Pangakent border to Dushanbe - Coal dust & friendly faces

A local bee keeper

The border crossing into Tajikistan near Pangakent is very quiet and easy. The guards couldn’t have been nicer or more welcoming. The road to Pangakent (about 20 kms from the border) is also smooth and flat with hardly any traffic compared with over the border in Uzbekistan. We were greeted every two minutes by kids on the side of the road, ‘Ello!’ ‘What is your name?!’ ‘High-five!!!’

After Pangakent the road starts to undulate and valley landscapes open up either side of you as you pass villages selling apples and grapes, before snaking your way up the river gorge, where settlements are perched high above located by natural springs. After meeting maybe 10 cyclists in the first 5 months of our trip from the UK to Azerbaijan we were now bumping into people daily! It seems like the season is not yet over, with plenty of people still heading to the Pamir which gave us hope that we weren’t the only mad ones trying to cross the Pamir HighHighway in October! It’s hard to believe it’s -10C at night up there when it’s currently a balmy 17 degrees at night here.

TJaWoman A fiendly local who showed us where the village water pipe was

TJaLandscape Climbing past changing rock landscapes

After battling a strong headwind from Ayni, we camped at Takfon below a coal mine before starting the long climb up to the Anzob tunnel, which sits at 2700m above sea level. The road up is good, and probably averages 7% gradient but made infinitely harder by the passing coal trucks spitting out fumes and dropping coal dust all over the road which blows back into your face each time a car passes. After that ordeal there was no way we were going to cycle through the 5km ‘Tunnel of death’ and so hitched a ride through. The tunnel is so named as when it was first completed there were no lights, tarmac or ventilation and the potholed surface used to flood regularly. The tunnel is now lit, but definitely not ventilated, you can see the fumes spewing out either end, and is dangerously narrow with just enough space for two cars to pass. Even with lighting we narrowly avoided colliding with a truck that had broken down in the middle! We were relieved to get to the other end and delighted by the mountain views that opened up in front of us.

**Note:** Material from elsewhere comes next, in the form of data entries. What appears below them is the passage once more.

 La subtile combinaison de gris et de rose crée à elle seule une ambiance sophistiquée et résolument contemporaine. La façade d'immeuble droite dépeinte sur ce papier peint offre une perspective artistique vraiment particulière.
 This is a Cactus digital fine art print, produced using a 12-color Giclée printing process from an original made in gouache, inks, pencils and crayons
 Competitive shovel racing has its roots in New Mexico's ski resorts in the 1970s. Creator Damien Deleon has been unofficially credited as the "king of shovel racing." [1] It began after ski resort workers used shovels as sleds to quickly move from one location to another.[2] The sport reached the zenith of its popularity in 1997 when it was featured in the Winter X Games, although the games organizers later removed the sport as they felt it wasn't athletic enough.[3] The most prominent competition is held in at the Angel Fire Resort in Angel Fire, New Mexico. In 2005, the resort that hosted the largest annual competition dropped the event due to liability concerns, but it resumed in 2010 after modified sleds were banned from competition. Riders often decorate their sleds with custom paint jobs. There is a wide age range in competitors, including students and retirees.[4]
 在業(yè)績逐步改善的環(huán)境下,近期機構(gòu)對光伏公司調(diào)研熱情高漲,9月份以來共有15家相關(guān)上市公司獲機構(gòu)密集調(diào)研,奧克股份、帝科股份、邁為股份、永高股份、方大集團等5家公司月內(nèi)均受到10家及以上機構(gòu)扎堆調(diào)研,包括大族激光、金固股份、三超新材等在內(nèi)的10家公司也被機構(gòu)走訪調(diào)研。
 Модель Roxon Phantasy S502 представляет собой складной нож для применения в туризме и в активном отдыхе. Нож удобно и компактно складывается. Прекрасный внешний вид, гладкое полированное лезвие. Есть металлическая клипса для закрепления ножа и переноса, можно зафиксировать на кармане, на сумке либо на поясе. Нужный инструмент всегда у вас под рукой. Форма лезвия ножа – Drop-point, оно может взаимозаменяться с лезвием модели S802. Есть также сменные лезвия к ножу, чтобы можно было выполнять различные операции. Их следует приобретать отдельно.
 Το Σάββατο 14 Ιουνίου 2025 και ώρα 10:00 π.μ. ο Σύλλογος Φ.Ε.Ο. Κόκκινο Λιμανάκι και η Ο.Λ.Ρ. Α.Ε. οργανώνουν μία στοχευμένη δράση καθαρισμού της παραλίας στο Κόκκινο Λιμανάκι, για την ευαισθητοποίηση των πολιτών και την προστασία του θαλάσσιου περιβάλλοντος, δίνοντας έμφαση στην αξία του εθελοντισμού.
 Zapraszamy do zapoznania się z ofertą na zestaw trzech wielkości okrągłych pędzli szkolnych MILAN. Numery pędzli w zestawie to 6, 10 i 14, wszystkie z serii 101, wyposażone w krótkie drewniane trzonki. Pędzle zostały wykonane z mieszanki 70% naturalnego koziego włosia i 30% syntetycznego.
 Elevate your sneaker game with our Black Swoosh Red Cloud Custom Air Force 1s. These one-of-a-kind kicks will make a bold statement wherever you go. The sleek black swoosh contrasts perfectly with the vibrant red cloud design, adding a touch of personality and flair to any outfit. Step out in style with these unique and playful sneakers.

TJaTunnelRoad The climb up to the Anzob Tunnel

TJaTunnel Figuring out how to get the bikes in the back in front of the fuming tunnel (left-hand side)

TJaIntunnel Inside the tunnel of death

TJaTunnelTop And breathe! The view on the other side.

Another group of four cyclists appeared just as we were ready to leave, so we whizzed down the hill together and shared lunch - our first and last experience of plov. Plov is the national dish of rice/bulgar or other grain cooked with shaved carrots and usually meat. It’s a seemingly simple dish but ours was doused in so much oil and fat it was barely edible. With cramping stomachs it was a good thing the rest of the afternoon was downhill and we stopped shortly after to camp by the river. With so many farms and families near the road this was our first real ‘wild’ camp in Tajikistan, and it was bliss!

TJaCamp Blissful camp by the river

TJaShortTunnel The descent down through many shorter tunnels is much more fun!

It’s all downhill to Dushanbe from here and the valley landscape is really stunning. Sadly though, it’s mired by the smell of petrol and coal. I’ve never been somewhere so beautiful and yet so polluted at the same time. The pollution gets much worse as you enter the capital city. For a brief respite we cycled through the Botanical Gardens where the largest national flag I have ever seen flies proudly in the middle. We stayed in the infamous Green House Hostel where we met many other cyclists and caught up with a couple we’d seen in Uzbekistan. There’s a great sense of community here and excitement for what lies ahead!